Go to Hell(er), Federalism!

Does the new gun right apply against the states?  Within a week of the ruling in Heller , five lawsuits were filed seeking to apply the newly designed Second Amendment to nullify gun control laws adopted by local governments in California and Illinois. Each of the cases makes the argument that the Second Amendment is applicable to the state and local governments through the Fourteenth Amendment - an issue the Supreme Court has not considered since 1894, when it said the Amendment applied only to the federal government.   In note 23 in Heller, the Court declined to reach the incorporation issue. 

The Chicago case, NRA, et al., v. City of Chicago, et al . challenges a restriction very much like the DC ban that had been invalidated - namely, a city code provision that requires registration of firearms, but bars registering handguns.  Chicago is within the Seventh Circuit which last found that the Second Amendment applied only to the federal government in 1982 relying upon the Presser v. Illinois (1894). The Circuit Court specifically declined to find that Presser had been superseded by the Fourteenth Amendment and its incorporation of most of the Bill of Rights.
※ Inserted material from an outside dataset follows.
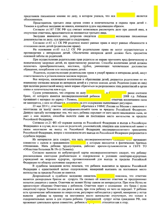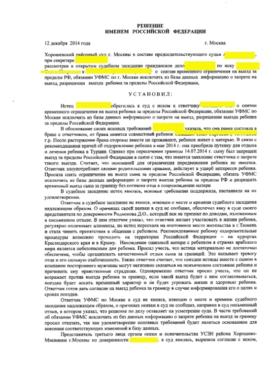 Необходимо отметить, что с момента расторжения брака по 14.07.2014 г. о наличии ограничений на выезд ребенка из России мне не было сообщено ни ответчиком, ни УФМС России по г. Москве. В противном случае я бы не пыталась вывезти сына на отдых и лечения из Российской Федерации, чтобы не причинять ему нравственных страданий.

Raising the Standard (of Review)

Beyond applicability to the states or not, the standard of review is uncertain for laws that differ from the District of Columbia handgun ban that was nullified. Justice Scalia seems to eliminate rational basis as an insufficient standard, but not much else.

Depending on the standard of review to be named later, it is supposed that we will learn the answers to the questions that bedevil us now, including why carrying a concealed weapon beyond the home and hearth is not protected and also why licensing laws do seem - so long as they are not disguised as prohibitions - not to offend the “right.”  Similarly, we will know whether switchblades or mace or tazers are beyond “weapons typically possessed by law-abiding citizens for lawful purposes.”

Come, Learn from the Master – or Go Directly to Jail    

Finally, the ever dutiful citizenry will be instructed by its judicial masters as to how far, if at all, the right can be taken outside one’s home?  The front stoop?  One’s car parked at the curb?  The RV parked out back?  In the meantime, I suspect it won’t be long before a law-abiding Dick Heller-type fella is charged by a local prosecutor for a crime because he used a gun or other weapon beyond the home, in claimed self-defense, only to find upon posting bond that he did not successfully discern the constitutionally acceptable geographic location.

My friend, Bob Levy at CATO brought this case to enhance human liberty.  As I see it, only judicial liberty is being advanced.  Indeed, to borrow some florid prose from the one-time author of the opinion itself:  “The Imperial Judiciary Lives!”  Don’t expect it to be talked about in those terms by either of the candidates, however, who in one way or the other will have been silenced, well, at the point of a gun.